Prix de l’énergie, guerre en Ukraine, Covid… L’Opéra de Lyon fête trente ans de sa rénovation dans l’austérité mais sans annulations comme les autres opéras. Le point avec Richard Brunel, son directeur.
L’Opéra de Lyon, qui fête cette année les trente ans de son audacieuse rénovation par Jean Nouvel et les quarante ans de la création de son orchestre, “faire des contorsions” pour résister à la crise qui touche le monde de l’opéra. “La saison prochaine tient le coup. Je ne vais pas être obligé, comme certains collègues, d’annuler, d’abandonner… Je fais des contorsions”raconte Richard Brunet, le directeur de l’Opéra, dans une interview à l’AFP.
Compressions budgétaires
A son arrivée à la tête de l’établissement, en novembre 2019, cet homme de 51 ans “ne s’attendait pas du tout à vivre une succession de crises, le Covid, l’inflation, la guerre en Ukraine”avec “ses conséquences énormes sur les liens avec la Russie sur le plan artistique” et sur les prix de l’énergie. Si la fréquentation n’est pas revenue au niveau global d’avant la crise sanitaire, l’Opéra a également subi deux coupes budgétaires de 500.000 euros, l’une décidée en 2021 par la nouvelle équipe municipale écologiste, l’autre par le conseil régional LR Laurent Wauquiez en 2022.
Si d’autres maisons d’opéra ont annoncé des annulations de spectacles ou des fermetures temporaires ces derniers mois, Richard Brunel “ne souhaite pas baisser le nombre de levers de rideau” Et “veut offrir le même service public aux spectateurs”garder un “dimension européenne” avec des invitations d’artistes, de chefs et de réalisateurs du monde entier. Le choix est alors de “faire moins de nouvelles productions”, de réfléchir aux formats, de “recycler” œuvres privées de public en raison du confinement, pour développer les coproductions et reprendre les productions “déclassé”comme Elias de Mendelssohn, acheté dans un théâtre de la capitale autrichienne Vienne pour la saison prochaine.

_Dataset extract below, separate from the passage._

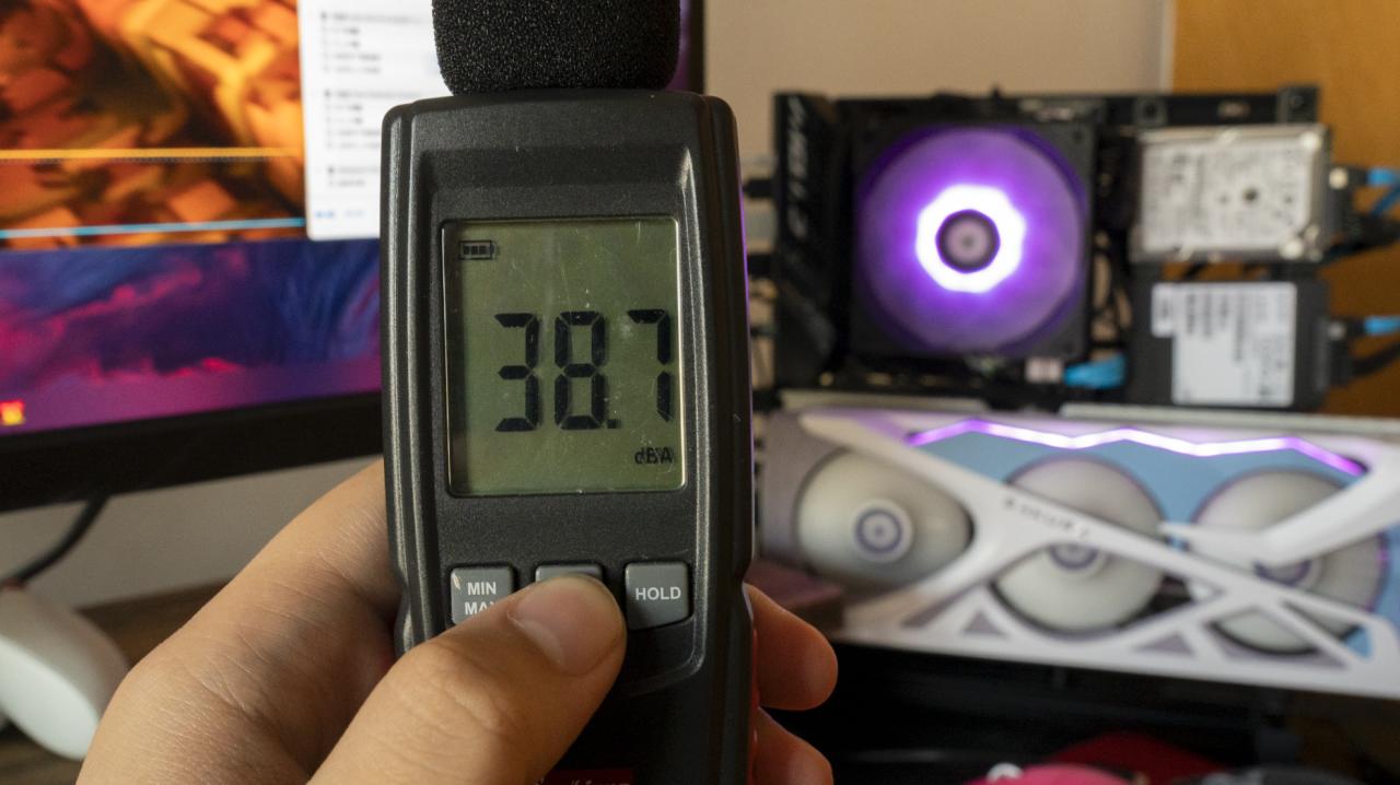 噪音方面,在距離顯卡50CM的地方測得的人位噪音爲38.7分貝,僅僅略高於周圍環境噪音水平。由於此次測試是在開放式測試機架上進行,顯卡產生的噪音要明顯高於正常裝機箱內的噪音。如果考慮在機箱內的實際情況的話,那麼噪音成績會更優秀。

Nouveaux formats, nouveaux publics
Concernant le nouveau format, Richard Brunel cite Zylan ne chantera plusUN “monodrame” sur le destin d’un jeune chanteur homosexuel devenu pop star dans un pays autoritaire. Composée par la Singapourienne Diana Soh pour un ténor et trois musiciens (guitare électrique, violoncelle, percussions), cette création a été conçue pour “circuler dans des endroits où l’opéra ne va pas”. Le patron de l’Opéra se défend en même temps “pouvoir émotionnel” grandes œuvres: “Le Tanhäuser Pilgrims’ Choir c’était 200 personnes sur scène tous les soirs, je peux vous dire que ça vous a scotché à votre siège !”dit-il en référence à l’opéra de Richard Wagner.
A ceux qui décrivent l’opéra comme un art conservateur prisé d’un public urbain, aisé et âgé, il répond par des chiffres : 40% de nouveaux publics, au moins 25% de spectateurs de moins de 29 ans. Et il met l’accent sur les programmes téléspectateurs “géographiquement gêné, socialement éloigné”tarifs “très bon marché”tournées en dehors de Lyon, actions dans des lycées ou dans des maisons de retraite. “Les baisses de subventions sont néfastes mais je veux dialoguer avec nos bailleurs de fonds. (…) On peut trouver des terrains”dit-il en rappelant que l’opéra est “le premier employeur culturel de la région”avec 361 postes et plus de 110 ETP pour les intermittents.
“Le grille-pain”
A la recherche de nouveaux mécènes, la direction resserre ses coûts de structure, de la flotte de transport au nombre de photocopies, en passant par le recyclage des costumes et des décors, mais aussi le suivi rapproché des dépenses de chauffage. Des travaux sont menés depuis 2010 pour limiter les déperditions énergétiques dans l’immense bâtiment d’un volume de 77 100 m3 pour une surface de 14 800 m2. Mais cela n’empêchera pas la facture énergétique de passer de 300 000 euros à 1,1 million.
L’opéra néoclassique construit en 1831 a été rénové par Jean Nouvel et inauguré en 1993, après des années de polémique politique, financière et esthétique. À l’époque, “certains l’avaient surnommé le grille-pain”, sourit Richard Brunel, en référence à la coupole de verre et de métal conçue au crépuscule des grands travaux initiés par le président socialiste François Mitterrand, quand l’argent de la culture coulait encore à flots. Le dôme se voit de loin, “les soirs d’activité, ça s’illumine et c’est comme une sorte de cœur qui bat dans la ville”, précise-t-il. Citant Jean Vilar, il se dit convaincu que l’art est “une nourriture aussi essentielle à la vie que le pain et le vin”.